Все мы в детстве боимся чего-то, иногда реального, иногда иррационального. Бывают «общие» страхи — потери близких, смерти, высоты, темноты. Позже к ним присоединяются более взрослые. Но отдельно стоят страхи перед художественными произведениями — книгами и фильмами.

В советское время триллеров на экране или по телевизору нам не показывали, а книг мы читали достаточно. Среди них были ну очень страшные сказки Гауфа, некоторые из сказок братьев Гримм, Андерсена, Гофмана. Чем богаче была домашняя или соседская библиотека, тем больше была вероятность прочесть еще один детский триллер.

Но самые страшные лично для меня произведения мы проходили в школьные годы чудесные. Что ни произведение, то ужас и безысходность. Приведу список навскидку, а потом расскажу, чего больше всего на свете в течение нескольких школьных лет боялась я.

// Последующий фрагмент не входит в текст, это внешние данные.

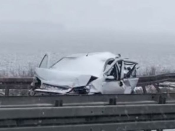 Saobraćajna nesreća desila se danas oko 10 časova u blizini Pupinovog mosta u smeru ka Zemunu. Kako se može videti na snimku, automobil je poprilično smrskan.
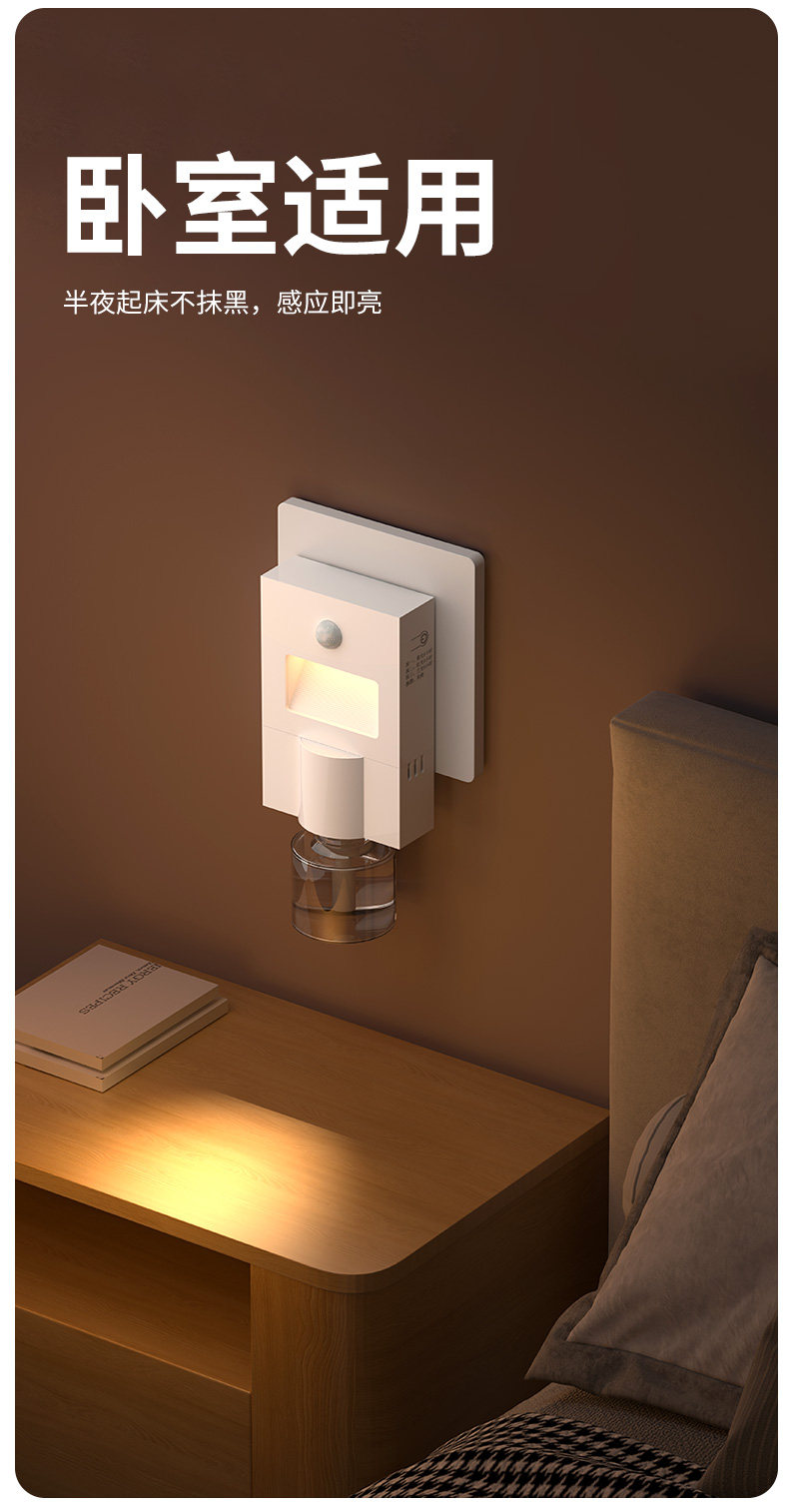 Induction Night Light with Timer, Electric Mosquito Repellent, Mosquito Repellent Liquid Heater, Mosquito Repellent Device, Plug-In Type for Home Use
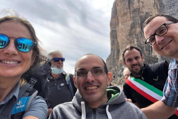 Per la prima volta nella sua vita è andato alle Tre Cime di Lavaredo su due ruote percorrendo il sentiero che dal rifugio omonimo sale fino alla forcella Lavaredo trainato su una piattaforma mobile su quattro ruote, tirata da sei guide dei volontari del Cai, Club Alpino Italiano, e alcuni soci del soccorso alpino. Un obiettivo che era già prefissato da tempo e che era diventato realtà il 4 settembre 2020: tutto questo era stato possibile grazie agli amici della scuola di Teologia, che aveva frequentato dopo il lavoro, e ai compagni di corso tra cui Aldo Solimbergo, presidente del Lions Club Treviso Sile.
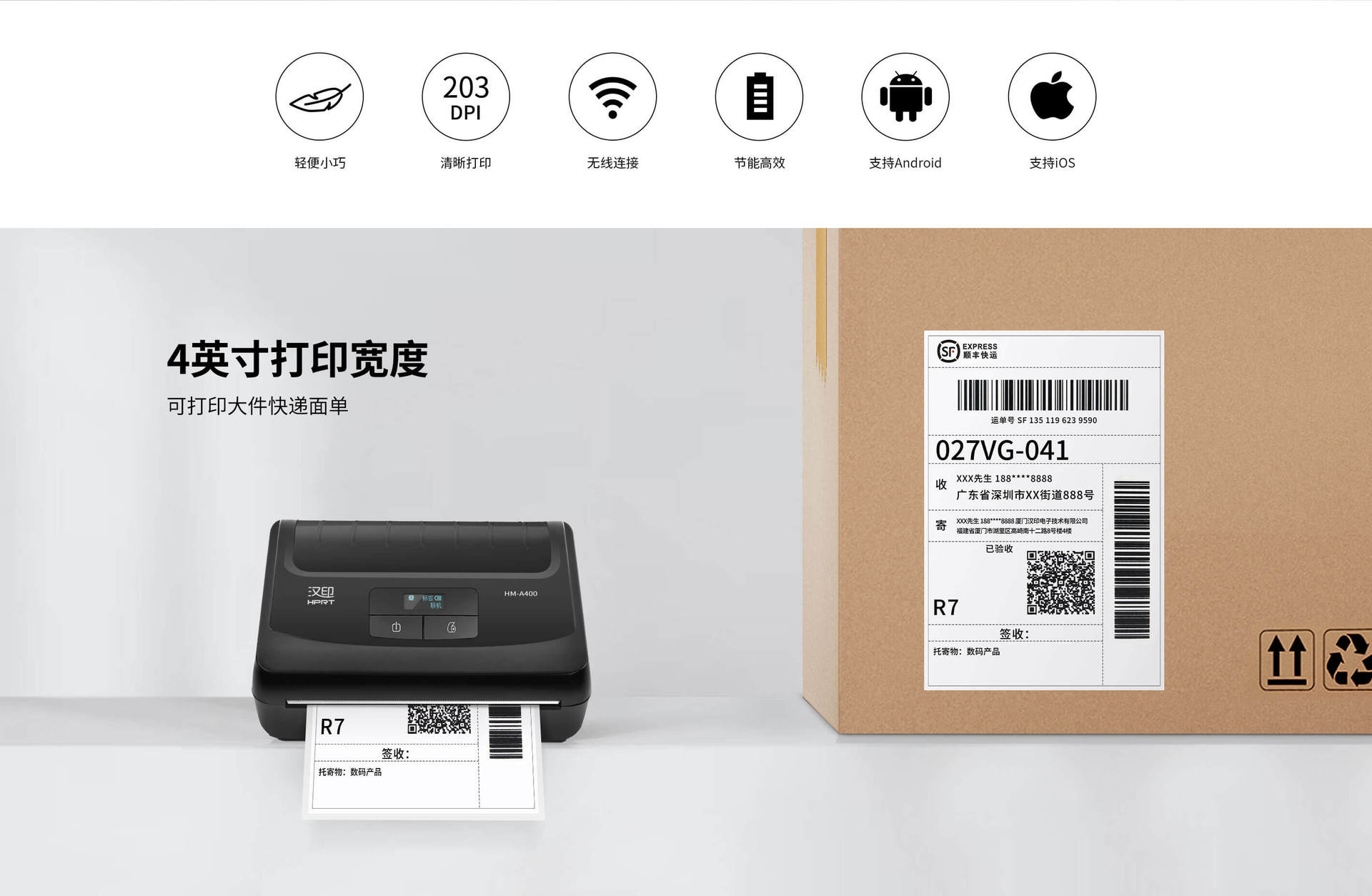 Hanyin HM-A400 휴대용 열전사 라벨 프린터 110mm 우편 교차 물류 양식 프린터
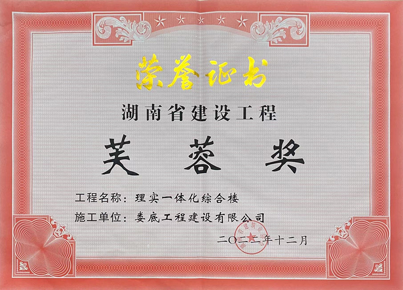 理實(shí)一體化芙蓉獎(jiǎng)榮譽(yù)證書
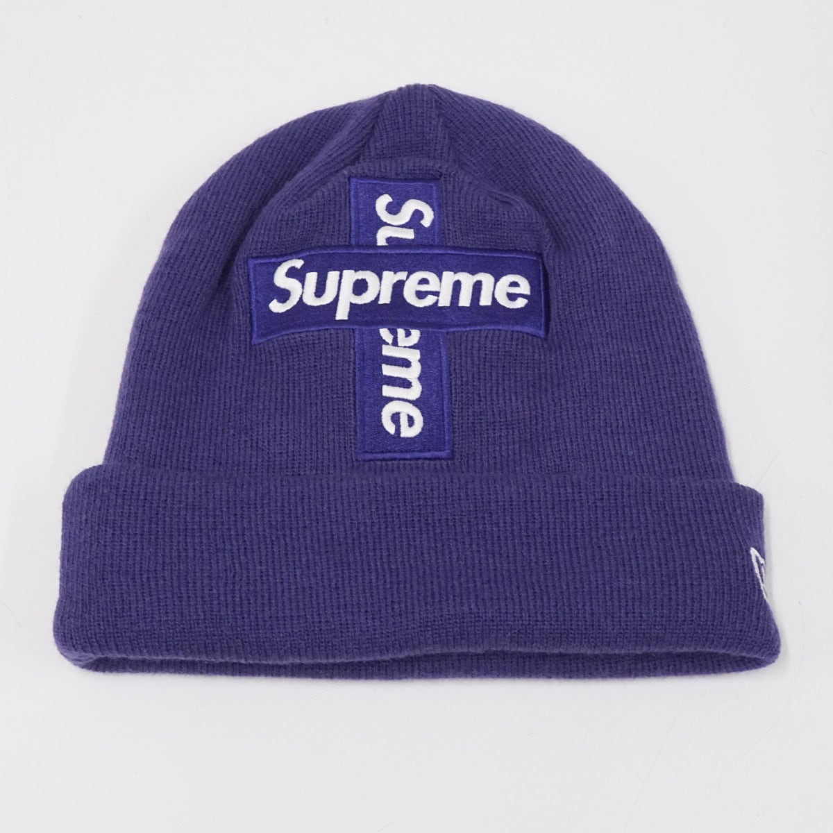 Supreme NEWERA クロスボックスロゴ ニット帽 USED美品 シュプリーム ニューエラ パープル ビーニー フリーサイズ X8119
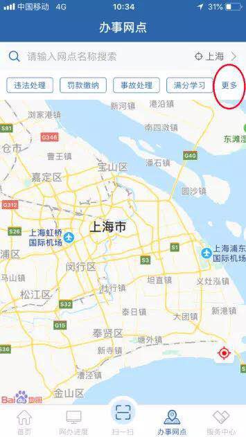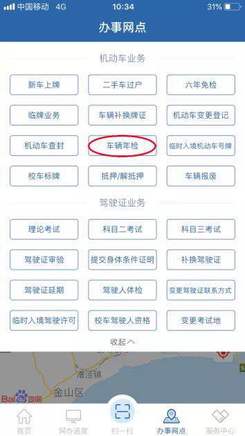 登录“交管12123”手机APP,点击右下角“办事网点”,选择“更多”中的“车辆年检”版块
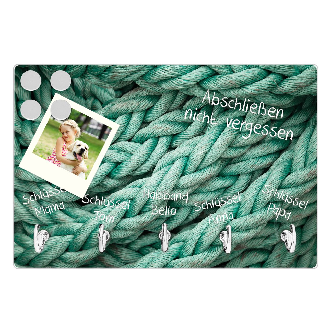 Glas Schlüsselbrett mit 5 Haken Grünes Tau
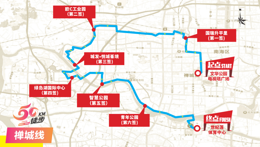 文华公园电视塔广场(起点)→文华公园东门→文华北路→兆祥路→福贤路→福禄路→永安路→国瑞升平里(第一签)→升平路→中山路→汾江桥→上沙街汾江河边绿道→塱沙路→江堤路→欧C工业园(第二签)→汾江河畔绿道→华源路→王借岗森林公园→东平路→城发•悦城峯境(第三签)→东平路→同济大桥→禅港路→绿岛湖国际中心(第四签)→科海东路→河堤→季华大桥→季华路→智慧新城→智慧公园(第五签)→河堤→忠信路→江滨路→青年公园(第六签)→江滨路→东平路→东平大桥→滨河景观公园→世纪莲体育中心(终点)。
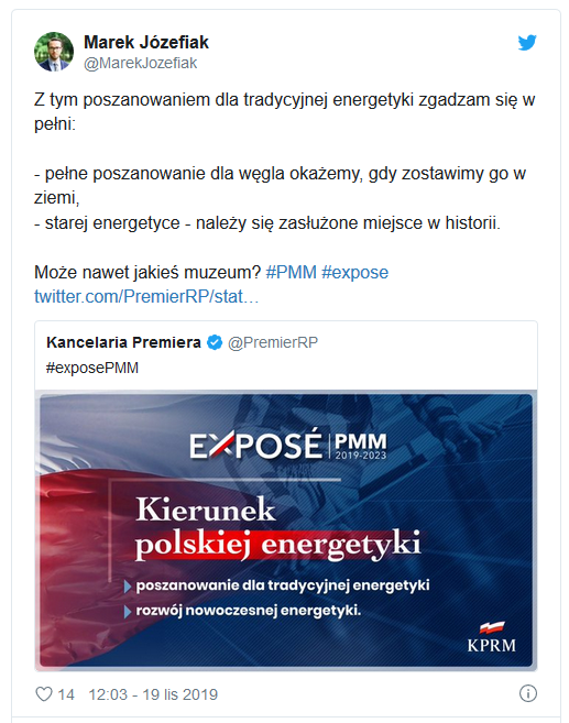 Premier podczas wygłoszonego przed południem expose zapowiadał miliardowe inwestycje w energetykę odnawialną i powołania rządowego pełnomocnika ds. OZE. Polskie władze nie porzucają jednak energetyki konwencjonalnej. W wystąpieniu szefa rządu zabrakło również deklaracji wyzerowania polskich emisji netto.
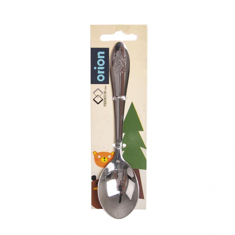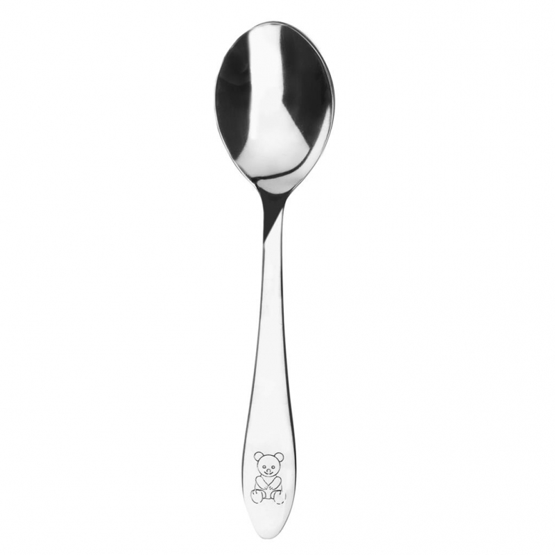 Dětská lžíce s dekorem medvídka. Materiál: kvalitní nerez. Tvar přizpůsobený dětem. Lze mýt v myčce na nádobí. Rozměry: (délka/šířka) 15,5/3,5 cm.| Výrobce: | Orion |
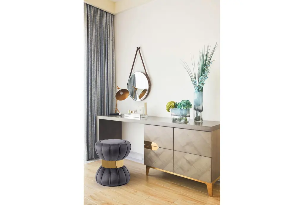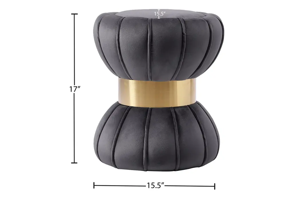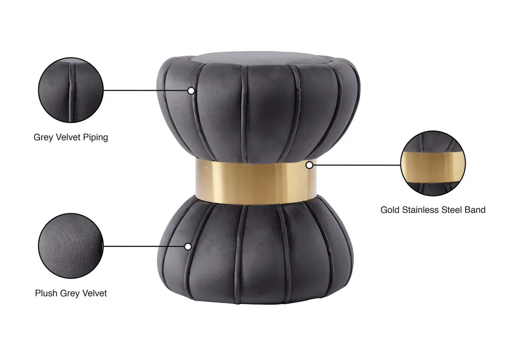 Introducing the Vino Grey Velvet Upholstered Ottoman / Stool, a perfect blend of modern style and comfort. This round ottoman is designed to enhance any living room or bedroom with its luxurious grey velvet fabric and chic gold detailing. Whether used as a footrest, extra seating, or a stylish accent piece, the Vino Ottoman is sure to make a statement in your home.

«Муму» — из всех замечательных лиричных произведений великого писателя Ивана Сергеевича Тургенева в начальной школе мы подробно разбирали именно этот рассказ. Не один день смаковали подробности, писали план сочинения на тему. Если бы не школьная программа, я бы к этому произведению и не прикоснулась.

Иллюстрация к рассказу И. С. Тургенева «Муму»

«Мальчиш-Кибальчиш» — гайдаровского Тимура с его командой вынесли на внеклассное чтение, а вот этот ужастик мы должны были чуть ли не наизусть учить. Кстати, чему он был посвящен?

Из Википедии:

«Сказка о Военной тайне, о Мальчише-Кибальчише и его твёрдом слове» — художественное произведение советского писателя Аркадия Гайдара. Впервые сказка опубликована в апреле 1933 года в газете «Пионерская правда» под названием «Сказка о Военной тайне, Мальчише-Кибальчише и его твердом слове.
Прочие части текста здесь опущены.